Едва за ним закрылась дверь, Вера облегченно вздохнула и провела рукой по лицу, как бы снимая следы молящих взглядов Анатолия Евгеньевича, словно он касался ее лица своими вздрагивающими, неестественно маленькими пальчиками.

— О боже, — проговорила она. — И этот туда же...

Вера уже начала было разворачивать сверток, который принес Кныш, но осторожный скрип двери заставил ее вздрогнуть. На пороге, на фоне полосатой двери, обитой старым, списанным в общежитии одеялом, стоял Анатолий Евгеньевич с влажным носом и несчастными глазами.

— Да, чуть не забыл, — произнес он с вымученной непосредственностью. — Помнится, Вера, вы как-то говорили, будто Толысу вынесли выговор по торговой линии... Чуть ли не райком вмешался... По вашему заявлению...

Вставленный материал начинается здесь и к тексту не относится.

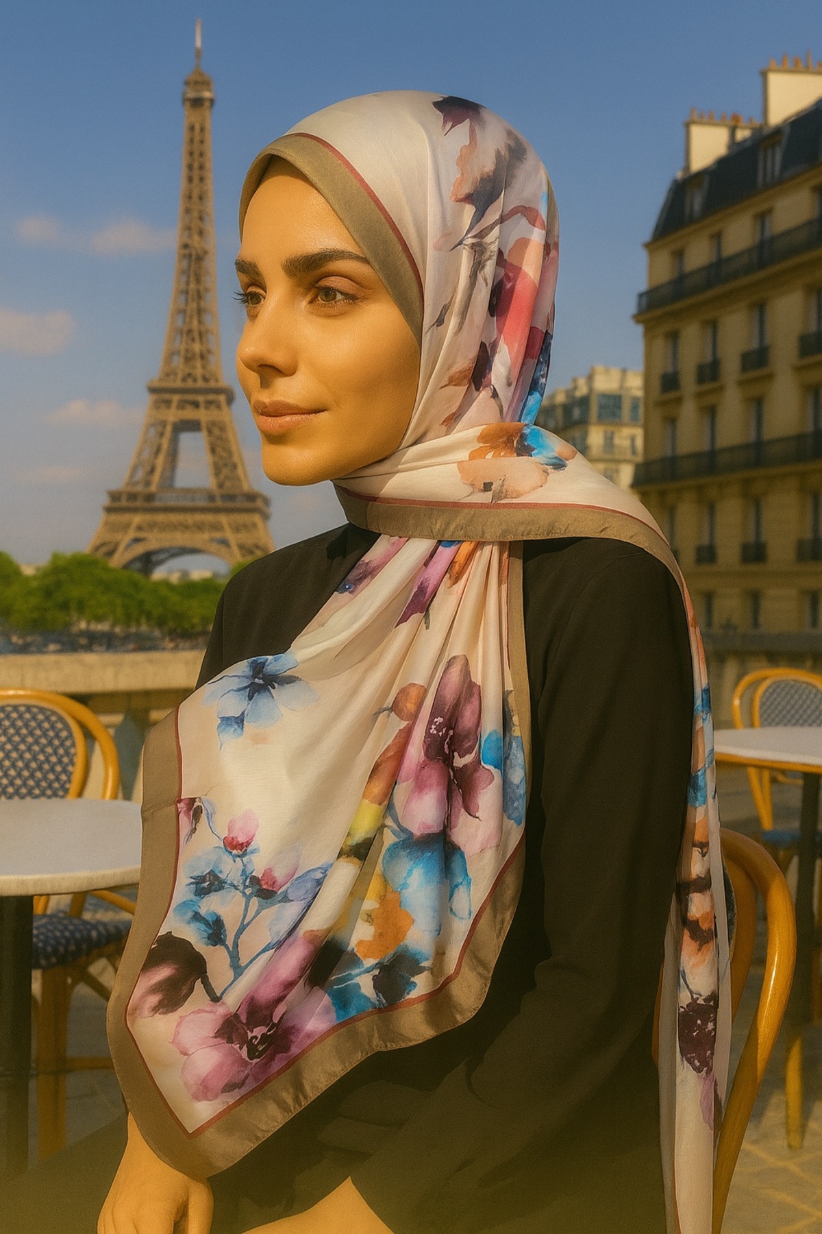 VIEN POLO شال قطني بنمط الورد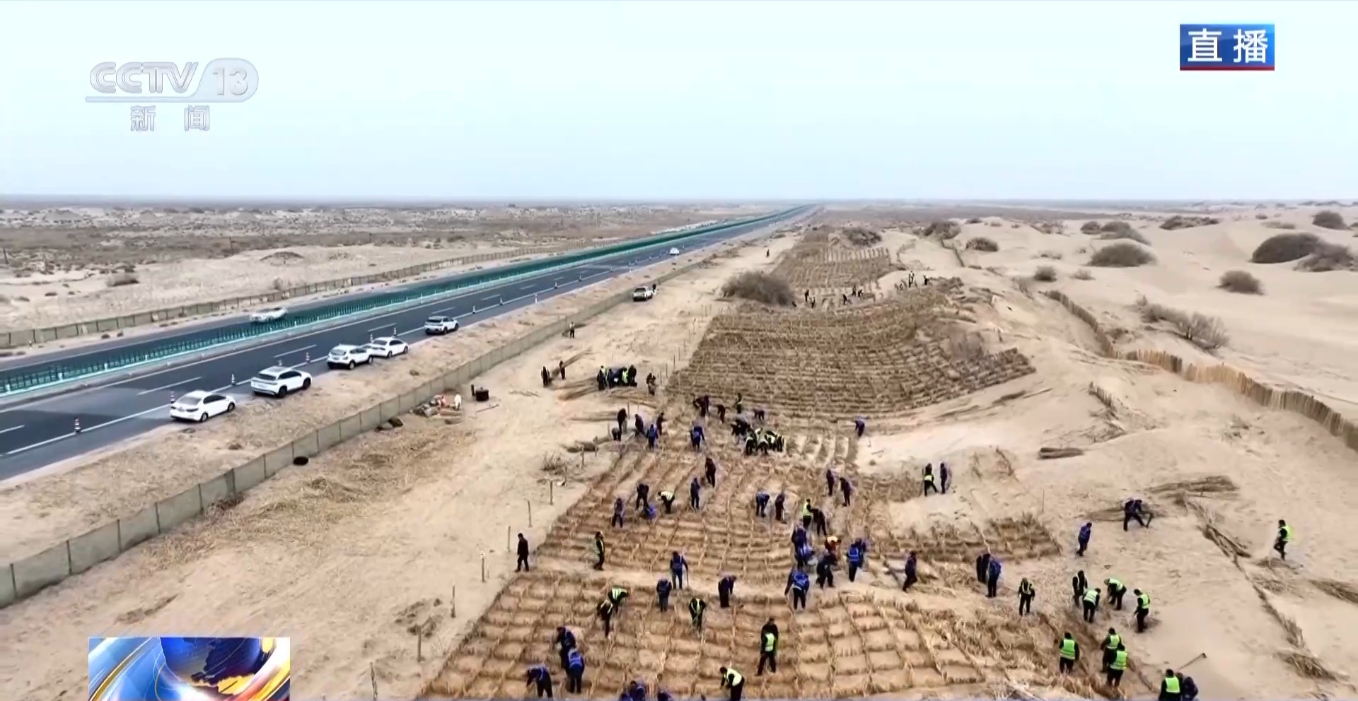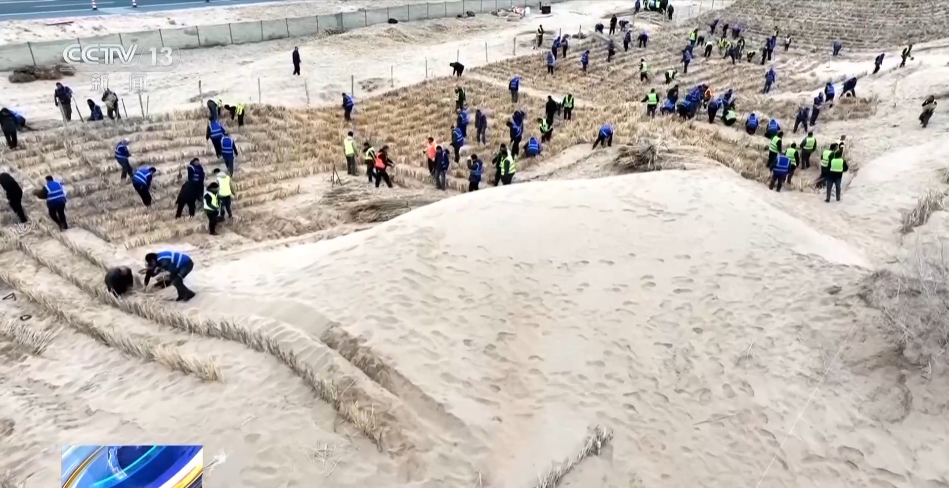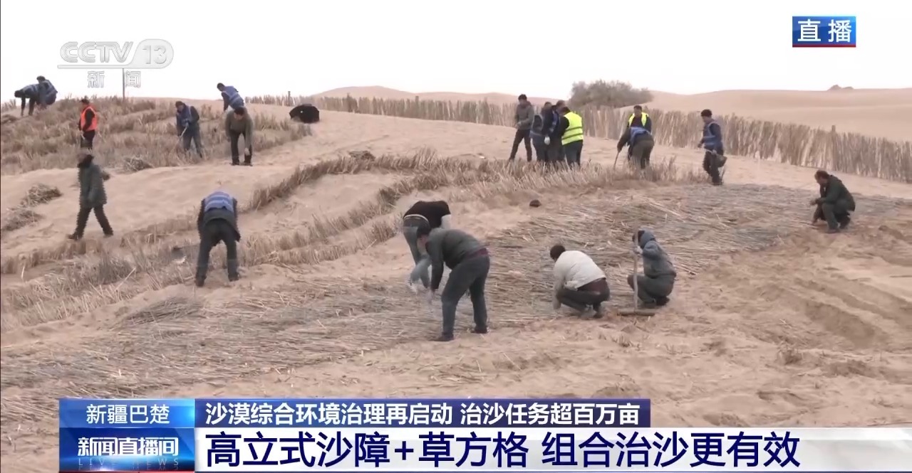 總臺(tái)記者從新疆巴楚縣阿克薩克馬熱勒鄉(xiāng)防沙治沙工程施工現(xiàn)場(chǎng)發(fā)回報(bào)道。當(dāng)?shù)氐?00多名各族干部群眾人工鋪設(shè)“草方格”,也就是將干蘆葦鋪設(shè)在地面,再壓進(jìn)沙土中,它的主要作用是固沙。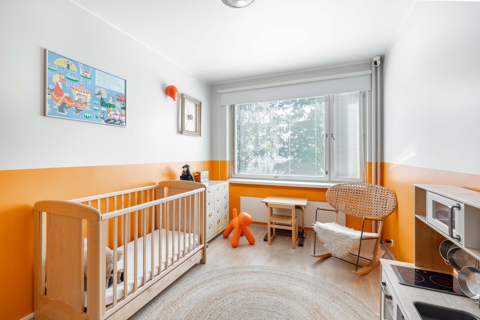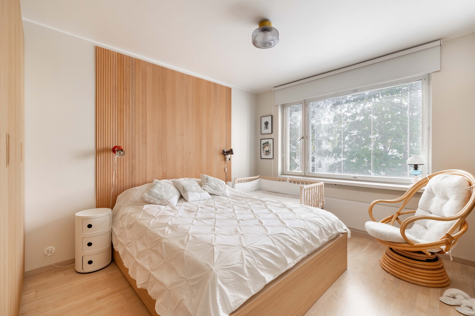 | Muuta kauppaan kuuluvaa | Makuuhuoneen sormipaneeliseinä jää. Lisätietoja sisältyvistä varusteista: kaapistot, naulakko, sälekaihtimet/rullaverhot. |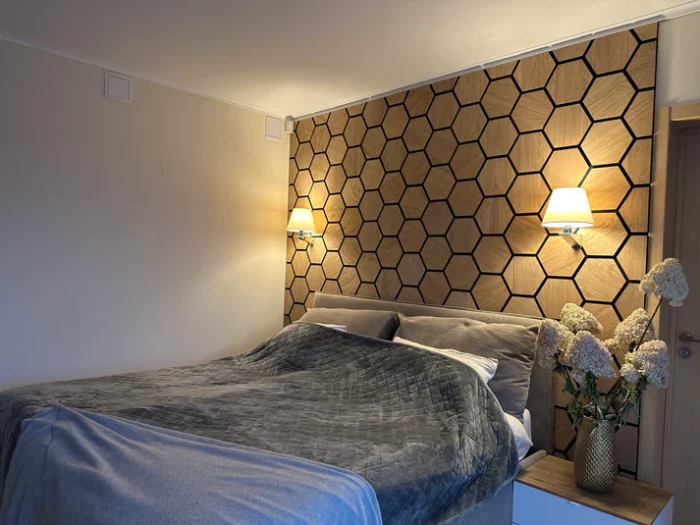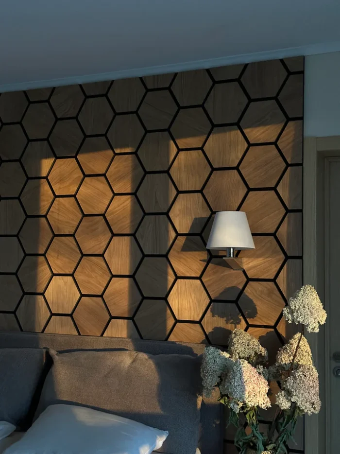 Elementi u obliku saća s površinom od drvenog furnira pružaju vizualnu privlačnost. Njihov oblik podsjeća na strukturu košnice. Djeluju i kao elementi za prigušivanje i kao vizualni privlačeći pogled, što ih čini odličnim izborom i za javne prostore i za kuće. Dostupno je nekoliko različitih boja, tako da se paneli mogu lako prilagoditi individualnom stilu prostora.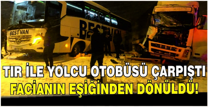 ALPARSLAN DİYARI- İran uyruklu J.G'nin kullandığı 10 AB 585 plakalı tır, Bitlis-Tatvan karayolunun Üçyol mevkiinde, E.Ç. idaresindeki 65 BJ 359 plakalı Bestvan firmasına ait yolcu otobüsüne çarptı.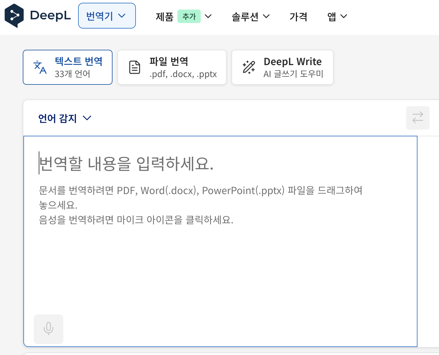 - 자동 감지 기능 활용: DeepL이 입력한 문장의 언어를 자동 감지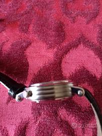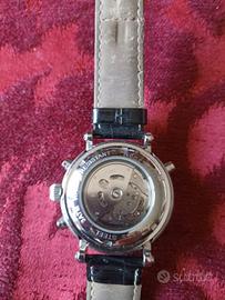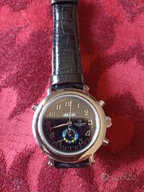 Orologio Rene Barton Automatic , con movimento a carica automatica, cassa in acciaio, quadrante nero con numeri arabi, finestre con giorno della settimana e mese alle ore 13 e indicatore delle fasi lunari alle ore 6. Cinturino in pelle nera dotato di chiusura automatica. Modello molto bello e raro perché non più in produzione.
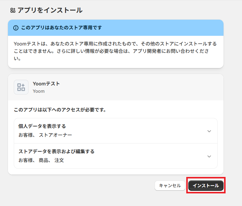 手順通りに進められていれば、Shopifyのサイトに遷移して以下の画面が表示されます。「インストール」ボタンを押してください。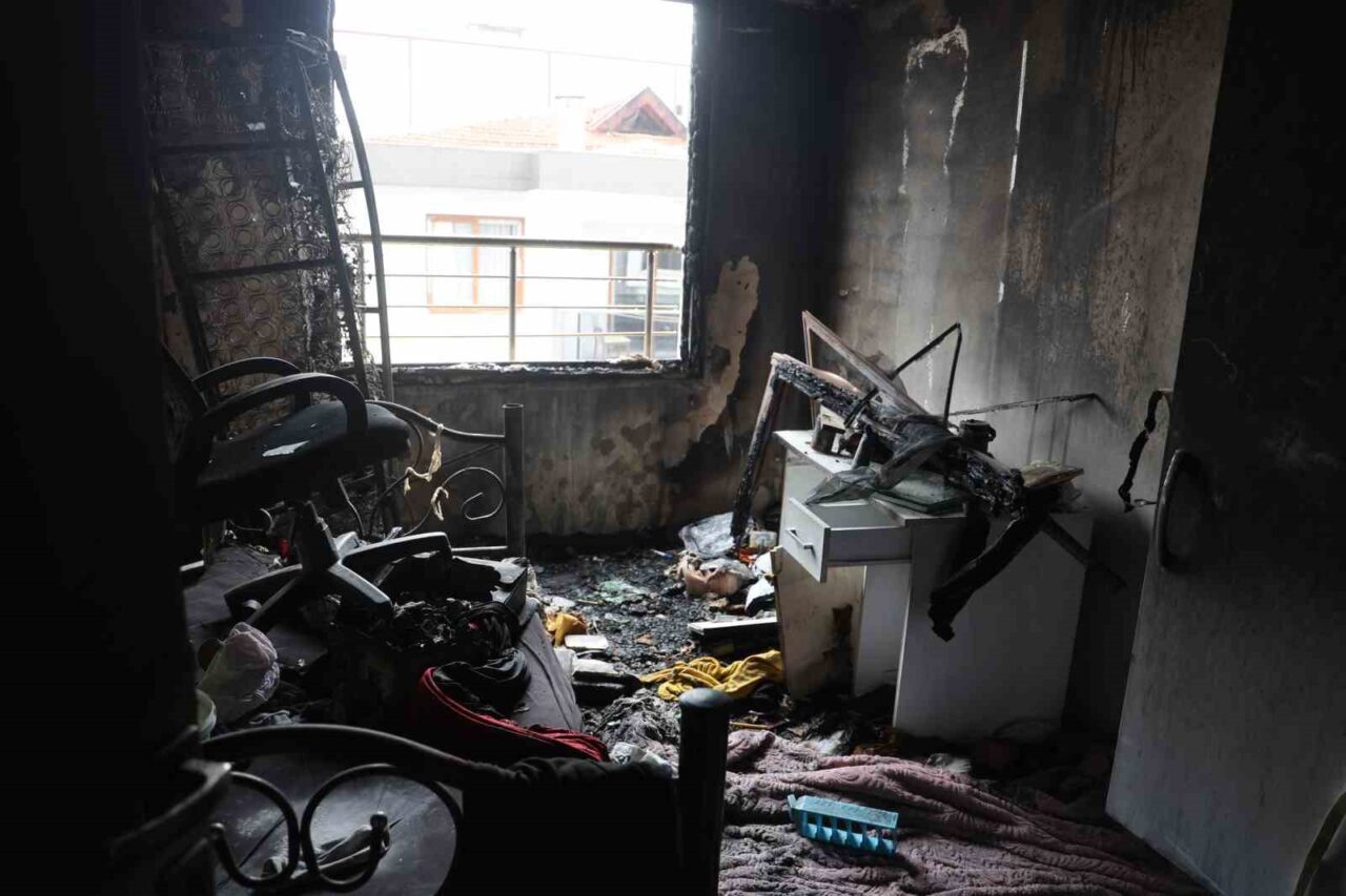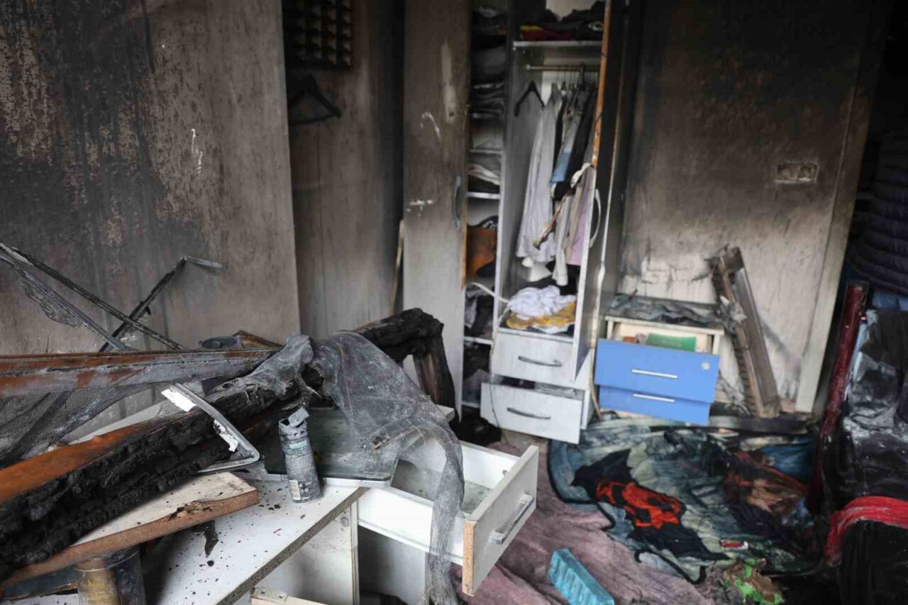 Evlatlarıyla evde oturdukları esnada alevlerin içine düştüklerini belirten Özlem Berrak, “Çocuklar birlikte yangın esnasında evdeydik. Oğlum yangın var anne dedi. Geldiğimizde kanepeler ve perdeler yanıyordu. Birden alevler yükselince müdahale edemedik. İtfaiye ekiplerine haber ettik. Ekipler de gelip müdahale ettiler. Yangını fark etmemiştik. Küçük oğlum koku var, yangın çıktı galiba diye söyledi. Geldiğimizde ise alevlerle karşılaştık. Apartman girişine inip yardım istedim, yardım edin diye bağırdım. Komşular da itfaiye ekiplerine haber verdiler. Depremde bu mahallede oturuyorduk. Depremde evimiz yan yattı ve sonrasında yıkıldı. Burada 1 yıldır yaşıyorum. Bu odada büyük oğlum kalıyor. Oğlum içeride değil de mutfaktaydı. Odasına geri döndüğünde, odam yanıyor diye bağırmıştı. Çocuğumun odası komple yandı ve biraz da benim odama sıçradı. Evimizin eski haline dönmesini çok istiyorum” şeklinde konuştu.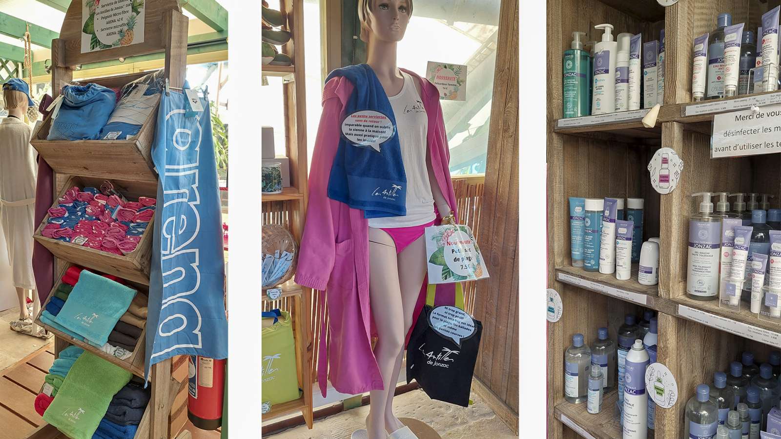 Besoin de vous équiper pour une journée détente ou baignade ? Direction la boutique des Antilles de Jonzac ! Ouverte 7j/7, elle propose un large choix d'articles pour petits et grands, parfaits pour profiter pleinement de votre moment. Pour la baignade, vous trouverez tout ce qu’il vous faut : bouées, brassards, maillots et shorts de bain, lunettes, frites, ballons de piscine... Envie de rapporter un souvenir ? La boutique propose aussi des casquettes, tee-shirts, gobelets, magnets, et serviettes, pour garder un peu des Antilles avec vous. Et pour une touche de bien-être, découvrez une belle sélection de produits de beauté bio, disponibles à l’unité ou en coffret cadeau, idéals pour se faire plaisir ou offrir.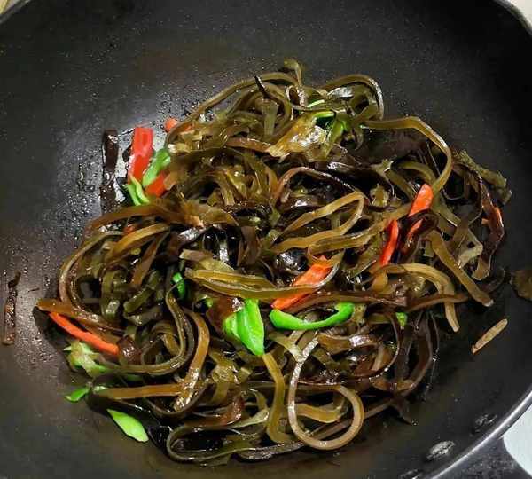 1、把海带丝提前泡发清洗干净,切成长段备用,青红椒切丝,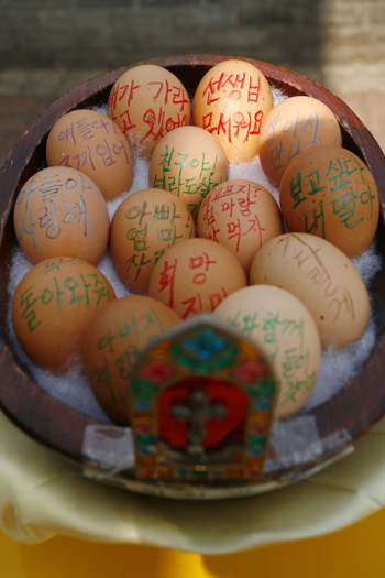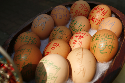 | ▲세월호 침몰사건 실종자들의 생환을 염원하는 희망 메시지가 적힌 부활절 계란들. ⓒ사진=지유석 기자 |

— Ну. Было такое. Дали Панюшкину по темечку. Два раза дали.

— За что? — Анатолий Евгеньевич даже ухо ушанки приподнял, чтобы не пропустить ни слова.

— А! Дело старое, дело прошлое. Схлопотал старик пару выговоров. Может, их уже сняли с него, я не очень-то разбираюсь в этой выговорной политике... Там поставлено хитро — то выносят, то сносят.

— Ну а выговоры-то, выговоры за что? — в голосе Анатолия Евгеньевича прозвучала вдруг такая заинтересованность, такая боль и мольба, что Вера насторожилась.

— А вам-то зачем?

— Да так просто... Любопытно. Знаю, что врубили Толысу по первое число, а за что — ума не приложу. Если уж, думаю, вы Толысу устроили такой гостинец, то и мне с вами ссориться нельзя, а, Вера? — игриво сказал Кныш.

— Точно, Анатолий Евгеньевич, не ссорьтесь со мной. И вообще ни с кем не ссорьтесь. Вам действительно нельзя.

— Это почему же?

— Да уж такой вы человек. Сами знаете... И поэтому не ссоритесь. И правильно делаете. Такая у нас с вами работа.

Видя, что разговор затягивается, Анатолий Евгеньевич снял шапку, пригладил волосенки, приблизился к прилавку.

— Вера! Не томите душу — за что Толыса наказали? Ну, пожалуйста! За мной не заржавеет, вы же знаете! Глядишь, и вам кое-что понадобится, чего не бывает! Вера!

— Вот пристал! Ну чисто банный лист! За нарушение правил торговли — такая была формулировка.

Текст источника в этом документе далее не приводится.